### [WORK TO BE COMPLETED]
Among the records that follow, set down only the lines from the one containing "Faire chauffer l’eau" to the one containing "Aicha Robertson, a", both included, exactly.

INFORMATION: Begin

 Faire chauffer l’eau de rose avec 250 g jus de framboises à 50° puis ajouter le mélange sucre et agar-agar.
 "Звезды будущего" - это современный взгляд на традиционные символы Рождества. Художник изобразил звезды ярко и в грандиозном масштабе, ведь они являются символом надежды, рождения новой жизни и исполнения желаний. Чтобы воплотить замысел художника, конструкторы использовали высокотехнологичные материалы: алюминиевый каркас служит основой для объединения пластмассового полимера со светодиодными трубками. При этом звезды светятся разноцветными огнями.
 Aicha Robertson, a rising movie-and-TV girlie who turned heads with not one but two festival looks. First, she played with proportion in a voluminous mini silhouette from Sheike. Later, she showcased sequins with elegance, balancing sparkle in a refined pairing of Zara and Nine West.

INFORMATION: End
INFORMATION: Begin

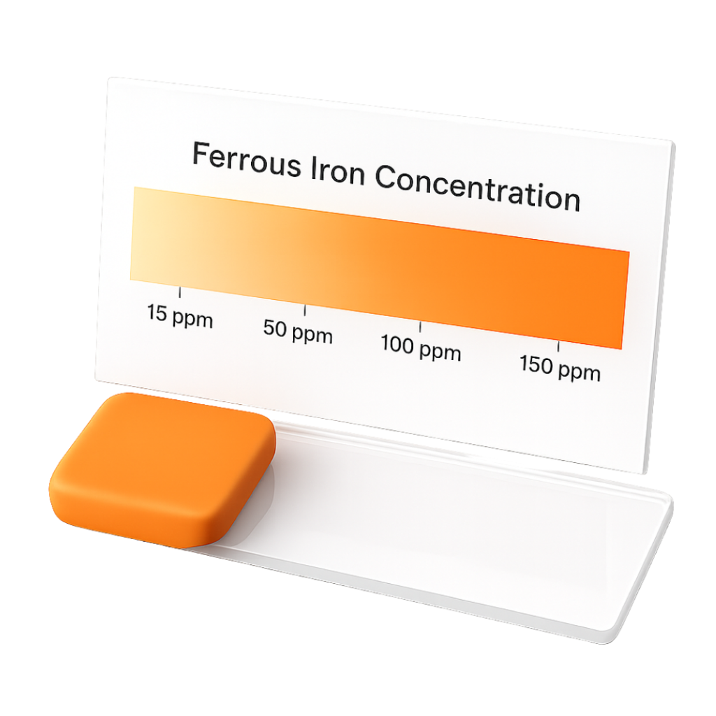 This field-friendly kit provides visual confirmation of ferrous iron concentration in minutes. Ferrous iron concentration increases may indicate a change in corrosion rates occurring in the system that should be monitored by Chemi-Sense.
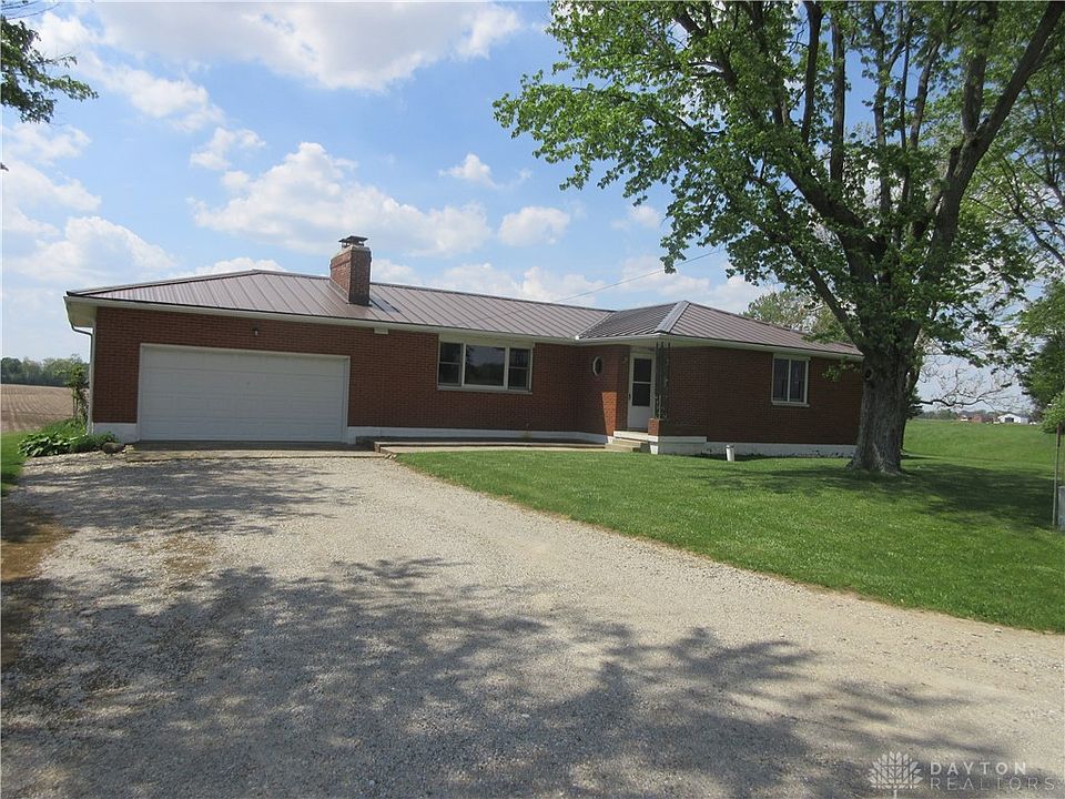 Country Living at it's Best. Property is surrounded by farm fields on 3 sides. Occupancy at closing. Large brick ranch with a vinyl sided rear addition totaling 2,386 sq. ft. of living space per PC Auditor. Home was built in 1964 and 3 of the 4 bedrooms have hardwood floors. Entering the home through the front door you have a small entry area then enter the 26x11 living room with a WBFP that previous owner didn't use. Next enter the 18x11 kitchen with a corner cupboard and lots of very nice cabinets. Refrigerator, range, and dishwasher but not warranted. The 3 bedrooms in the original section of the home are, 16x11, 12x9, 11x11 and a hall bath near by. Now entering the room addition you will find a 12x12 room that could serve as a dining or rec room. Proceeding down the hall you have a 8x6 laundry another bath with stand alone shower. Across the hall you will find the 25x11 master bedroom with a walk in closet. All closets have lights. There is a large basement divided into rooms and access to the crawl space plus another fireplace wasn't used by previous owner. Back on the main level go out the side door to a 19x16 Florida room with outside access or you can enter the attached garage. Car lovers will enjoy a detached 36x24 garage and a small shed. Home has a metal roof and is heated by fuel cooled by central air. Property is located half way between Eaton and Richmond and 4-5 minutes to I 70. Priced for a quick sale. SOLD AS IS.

INFORMATION: End

### [RESULT OF THE TASK]
 Faire chauffer l’eau de rose avec 250 g jus de framboises à 50° puis ajouter le mélange sucre et agar-agar.
 "Звезды будущего" - это современный взгляд на традиционные символы Рождества. Художник изобразил звезды ярко и в грандиозном масштабе, ведь они являются символом надежды, рождения новой жизни и исполнения желаний. Чтобы воплотить замысел художника, конструкторы использовали высокотехнологичные материалы: алюминиевый каркас служит основой для объединения пластмассового полимера со светодиодными трубками. При этом звезды светятся разноцветными огнями.
 Aicha Robertson, a rising movie-and-TV girlie who turned heads with not one but two festival looks. First, she played with proportion in a voluminous mini silhouette from Sheike. Later, she showcased sequins with elegance, balancing sparkle in a refined pairing of Zara and Nine West.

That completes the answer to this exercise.